The continued search for intermediate hosts and potential reservoirs for SARS-CoV2 makes it clear that animal surveillance is critical in outbreak response and prevention. Real-time RT-PCR assays for SARS-CoV2 detection can easily be adapted to different host species. U.S. veterinary diagnostic laboratories have used the CDC assays or other national reference laboratory methods to test animal samples. However, these methods have only been evaluated using internal validation protocols. To help the laboratories evaluate their SARS-CoV2 test methods, an interlaboratory comparison (ILC) was performed in collaboration with multiple organizations. Forty-four sets of 19 blind-coded RNA samples in Tris-EDTA (TE) buffer or PrimeStore transport medium were shipped to 42 laboratories. Results were analyzed according to the principles of the International Organization for Standardization (ISO) 16140-2:2016 standard. Qualitative assessment of PrimeStore samples revealed that, in approximately two-thirds of the laboratories, the limit of detection with a probability of 0.95 (LOD95) for detecting the RNA was ≤20 copies per PCR reaction, close to the theoretical LOD of 3 copies per reaction. This level of sensitivity is not expected in clinical samples because of additional factors, such as sample collection, transport, and extraction of RNA from the clinical matrix. Quantitative assessment of Ct values indicated that reproducibility standard deviations for testing the RNA with assays reported as N1 were slightly lower than those for N2, and they were higher for the RNA in PrimeStore medium than those in TE buffer. Analyst experience and the use of either a singleplex or multiplex PCR also affected the quantitative ILC test results.
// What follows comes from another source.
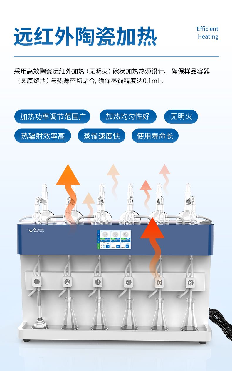 3、加熱模塊采用遠紅外陶瓷輻射加熱方式,碗狀加熱熱源設計,確保樣品容器(圓底燒瓶)與熱源密切貼合,加熱功率調節范圍廣、加熱均勻性好、熱輻射效率高,蒸餾速度快、使用壽命長。

对 SARS-CoV2 中间宿主和潜在宿主的持续探索表明，动物监测对于疫情应对和预防至关重要。用于 SARS-CoV2 检测的实时 RT-PCR 检测可以轻松适应不同的宿主物种。美国兽医诊断实验室已使用 CDC 检测或其他国家参考实验室方法来测试动物样本。但是，这些方法仅使用内部验证协议进行了评估。为了帮助实验室评估其 SARS-CoV2 测试方法，与多个组织合作进行了实验室间比较 (ILC)。将在 Tris-EDTA (TE) 缓冲液或 PrimeStore 转运培养基中的 44 组 19 个盲编码 RNA 样品运送到 42 个实验室。结果根据国际标准化组织 (ISO) 16140-2:2016 标准的原则进行分析。PrimeStore 样本的定性评估显示，在大约三分之二的实验室中，检测 RNA 的概率为 0.95 (LOD95) 的检测限为每次 PCR 反应≤20 个拷贝，接近每个 3 个拷贝的理论 LOD。反应。由于其他因素，例如样品收集、运输和从临床基质中提取 RNA，临床样品中不会出现这种灵敏度水平。Ct 值的定量评估表明，报告为 N1 的检测 RNA 的重现性标准偏差略低于 N2，并且 PrimeStore 培养基中的 RNA 的重现性标准偏差高于 TE 缓冲液中的 RNA。